The OPM had earlier confirmed that the number of people was 1.1 million only. However, the number has now increased to 5.6 million.

“The fact that the number [of fingerprints breached] just increased by a factor of five is pretty mind-boggling,” Joseph Lorenzo Hall, the chief technologist at the Center for Democracy & Technology, told Boing Boing. “I’m surprised they didn't have structures in place to determine the number of fingerprints compromised earlier during the investigation.”

Not only the fingerprints, it is said that about 21.5 million individuals had their Social Security Numbers and other sensitive information affected by the hack.

As per the OPM, now, Department of Homeland Security and Defense Department representatives are planning to review the implications of the stolen fingerprint data.

Two Ukrainian defendants to pay $ 30 million to the Securities and Exchange Commission

Ukrainian based firm, Jaspen Capital Partners Limited and Chief Executive Officer (CEO), Andriy Supranonok had agreed to pay $30 million to settle U.S. Securities and Exchange Commission (SEC) civil insider trading charges on Monday (September 14).

SEC had charged the two to have traded on information from illegally obtained news releases.
The company had become the first of 34 defendants to settle SEC charges over allegations of theft of more than 150,000 press releases from Newswire before the news became public.

Traders would sometimes create what prosecutors called “shopping lists” of companies that were expected to make announcements and pass them on to hackers.

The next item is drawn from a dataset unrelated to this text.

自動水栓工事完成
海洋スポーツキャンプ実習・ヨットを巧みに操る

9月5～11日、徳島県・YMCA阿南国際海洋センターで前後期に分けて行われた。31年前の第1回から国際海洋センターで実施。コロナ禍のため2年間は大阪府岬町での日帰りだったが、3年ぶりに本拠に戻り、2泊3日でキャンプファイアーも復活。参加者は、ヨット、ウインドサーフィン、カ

The illegal profit generated by traders over a period of five years is estimated to be around $ 100 million while Jaspen and Supranonok made approximately $25 million buying and selling contracts-for-differences (CFDs), which are derivatives allowing for leveraged stock price bets, to trade from 2010-2015 trading on press releases stolen from newswire service.

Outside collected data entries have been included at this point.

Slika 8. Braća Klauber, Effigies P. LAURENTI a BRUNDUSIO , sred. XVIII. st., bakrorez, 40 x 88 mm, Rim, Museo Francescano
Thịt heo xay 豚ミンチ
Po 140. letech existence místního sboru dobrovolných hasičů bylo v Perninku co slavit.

The case was filed in U.S. District Court for the District of New Jersey, which entered an asset freeze and other emergency relief against Jaspen and Supranonok, among others. Nine of the defendants also face criminal charges, though Jaspen and Supranonok were not criminally charged.

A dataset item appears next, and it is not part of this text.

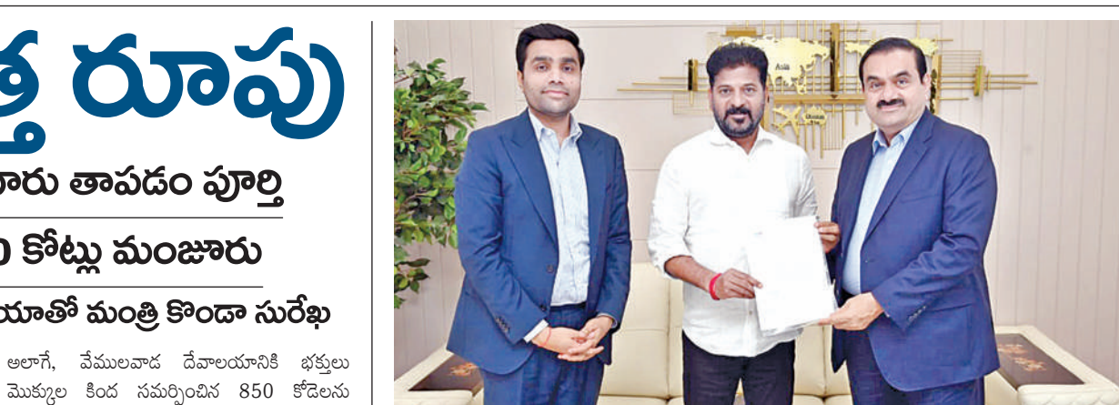
శుక్రవారం హైదరాబాద్ లోని సిఎం రెవెన్యూ డివిజన్ అయిన గౌతమ్ అదాని

Without admitting or denying the SEC’s allegations, the two defendants agreed to transfer $30 million of ill-gotten gains from the accounts which were frozen a month ago.

"Today's settlement demonstrates that even those beyond our borders who trade on stolen nonpublic information and use complex instruments in an attempt to avoid detection will ultimately be caught,” said SEC enforcement chief, Andrew Ceresney.

The settlement between Jaspen and Mr. Supranonok must be approved by a court.

The SEC said its civil case will continue against the other 32 defendants.